### TASK PROMPT:
When copying the listing below, skip every picture and repeat exactly the lines from the first one through the line that contains "Ribbon Cutting, 2002".

[INPUT DATA Boundary: Start]

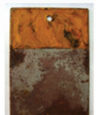
Protected by plain tape for 96 hours

Warranty and Disclaimer Information: We guarantee our products conform to documented quality specifications. Product information subject to change without notice. We make no warranty of any kind expressed or implied as to the effects of use (including, but not limited to, damage or injury). For full warranty and disclaimer information visit, www.zerust.com/warranty .
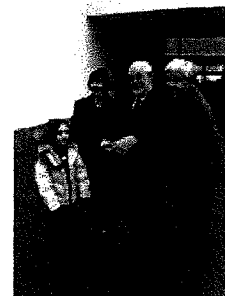
Ribbon Cutting, 2002

The mission of The Eric Carle Museum of Picture Book Art is to inspire, especially in children and their families, an appreciation for and an understanding of the art of the picture book. In fulfilling our mission, we aspire to build bridges to an appreciation of art of every kind and to provide an enriching, dynamic, and supportive context for the development of literacy. We deliver this mission by collecting, presenting and celebrating the art of the picture book from around the world and by providing interactive experiences and programs that are engaging and educational.

[INPUT DATA Boundary: End]

### RESULT OF THE EXERCISE:
Protected by plain tape for 96 hours

Warranty and Disclaimer Information: We guarantee our products conform to documented quality specifications. Product information subject to change without notice. We make no warranty of any kind expressed or implied as to the effects of use (including, but not limited to, damage or injury). For full warranty and disclaimer information visit, www.zerust.com/warranty .
Ribbon Cutting, 2002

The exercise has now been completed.